By David Akinmola
Many Micro, Small, and Medium Enterprises (MSMEs) in Nigeria risk being shut out of access to credit due to poor borrowing habits and growing negative credit profiles, a financial expert has warned.
The President of the Money Lenders Association (MLA) and Chief Executive Officer of Trafalgar Associates, Gbemi Adelekan, made the disclosure in an interview on Sunday.
According to him, a troubling number of Nigerian MSMEs are unknowingly building reputations that may prevent them from securing the capital required to scale their businesses.
“Credit health is no longer just a financial record it’s your business passport,” Adelekan said. “It tells lenders whether to open the door or keep it shut.
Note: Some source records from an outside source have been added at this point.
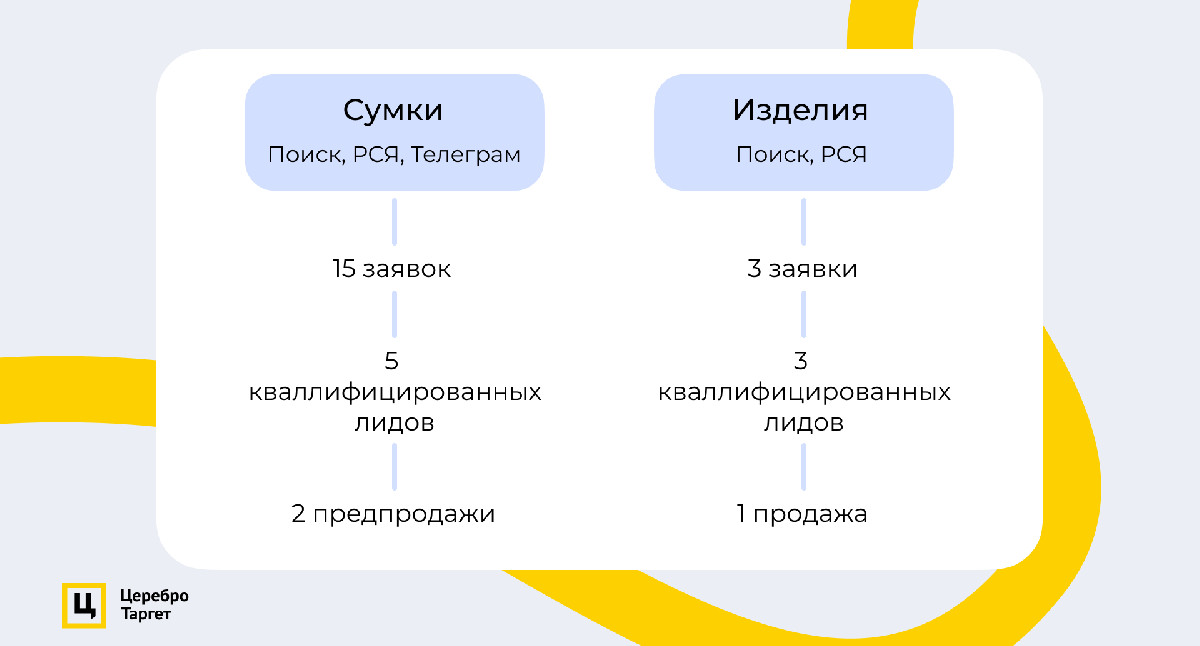 За месяц мы привлекли для премиальных сумок и кожаных изделий 18 заявок, из которых 8 квалифицированных лидов. Также благодаря тестированию бизнес выявил слабое звено в воронке: процесс продаж.
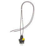 Materials: Brass, plated with 18K gold, Zircon, Synthetic Pearl, Wood, Leather, Synthetic Crystal
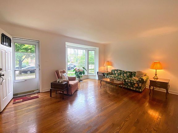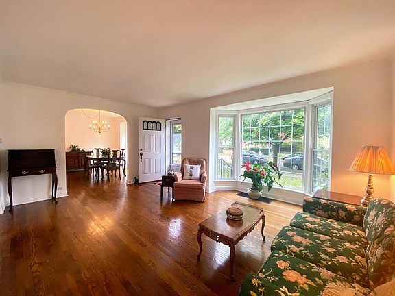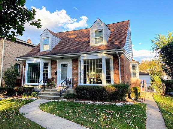 This Cape Cod home is in a great location walking distance to school, town, train, fitness centers & parks! The first floor of this home features four bay windows in the living room, dining room, kitchen, and family room. The kitchen has an eating area and a pass-through window that opens up to the large family room with a beam ceiling and fireplace. There is also a first floor bedroom and full bath. There are two bedrooms upstairs. Large basement has an additional bedroom, full bath, laundry, and plenty of space for storage. The backyard includes a big brick paver patio and a 2 car garage off the alley. Estate Sale. Being sold AS-IS. Convenient location- close to everything!

Unfortunately, many MSMEs don’t realise that how they borrow today determines whether they can grow tomorrow.”
Adelekan pointed to a widespread trend among borrowers particularly within the digital lending space where individuals already in debt resort to borrowing from multiple loan apps to stay afloat.
This revolving-door behaviour, he warned, leaves behind a trail of defaults that damages the borrower’s creditworthiness and is now being tracked more seriously by formal lending institutions.
“Most licensed lenders, including fintechs and banks, rely on credit reports from CBN-licensed bureaus before making loan decisions,” he said. “Once you’re flagged for defaulting even just once your chances of securing another loan, especially at favourable interest rates or reasonable terms, drop drastically.”
He revealed that his company, Kwikpay Credit, receives over 1,000 loan applications daily, but approximately 40% of those are disqualified due to poor credit histories—an alarming figure he believes reflects deeper structural issues in Nigeria’s MSME financing ecosystem.
“Poor repayment behaviour isn’t just a bad habit; it’s a growth inhibitor,” Adelekan said. “For MSMEs, where liquidity is already thin and capital access limited, maintaining a clean credit profile is critical not optional. Without it, your business struggles to raise funding, expand, or even negotiate interest rates.”
He emphasised that while MSMEs play a vital role in Nigeria’s economy contributing over 48% to GDP and employing millions their long-term viability is increasingly tied to how well they manage credit.
Adelekan also highlighted the evolving role of technology in modern lending practices. Unlike in the past where access to credit was largely collateral-based, today’s lenders spanning traditional banks, cooperatives, and fintech platforms are adopting data-driven models to assess borrower risk.
“Loan decisions now factor in behavioural patterns repayment history, number of open loans, frequency of defaults and even alternative data like income patterns and employment status,” he explained. “Credit scoring has become smarter, and it’s now harder to hide bad behaviour.”
In response to the growing concern, Adelekan announced that Kwikpay Credit is launching a new product aimed at helping borrowers restore their credit health.
The solution will offer incentives for customers to resolve past defaults, while integrating financial literacy tools to promote better borrowing behaviour.
“We’re tying loan eligibility not only to repayment history but also to factors like educational background and job stability. Our goal is to reward responsible borrowers and help others get back on track,” he added.
Adelekan’s warning comes at a time when Nigeria’s MSMEs are grappling with rising inflation, currency volatility, and dwindling purchasing power all of which have heightened their dependence on short-term credit.
As financial institutions deepen their reliance on credit profiling, experts warn that without better awareness, education, and financial discipline, a large swath of small businesses may find themselves increasingly excluded from formal credit markets.
He called on MSMEs to treat creditworthiness as a key part of their business strategy and urged financial sector stakeholders to invest in credit education initiatives that will help business owners make informed borrowing decisions.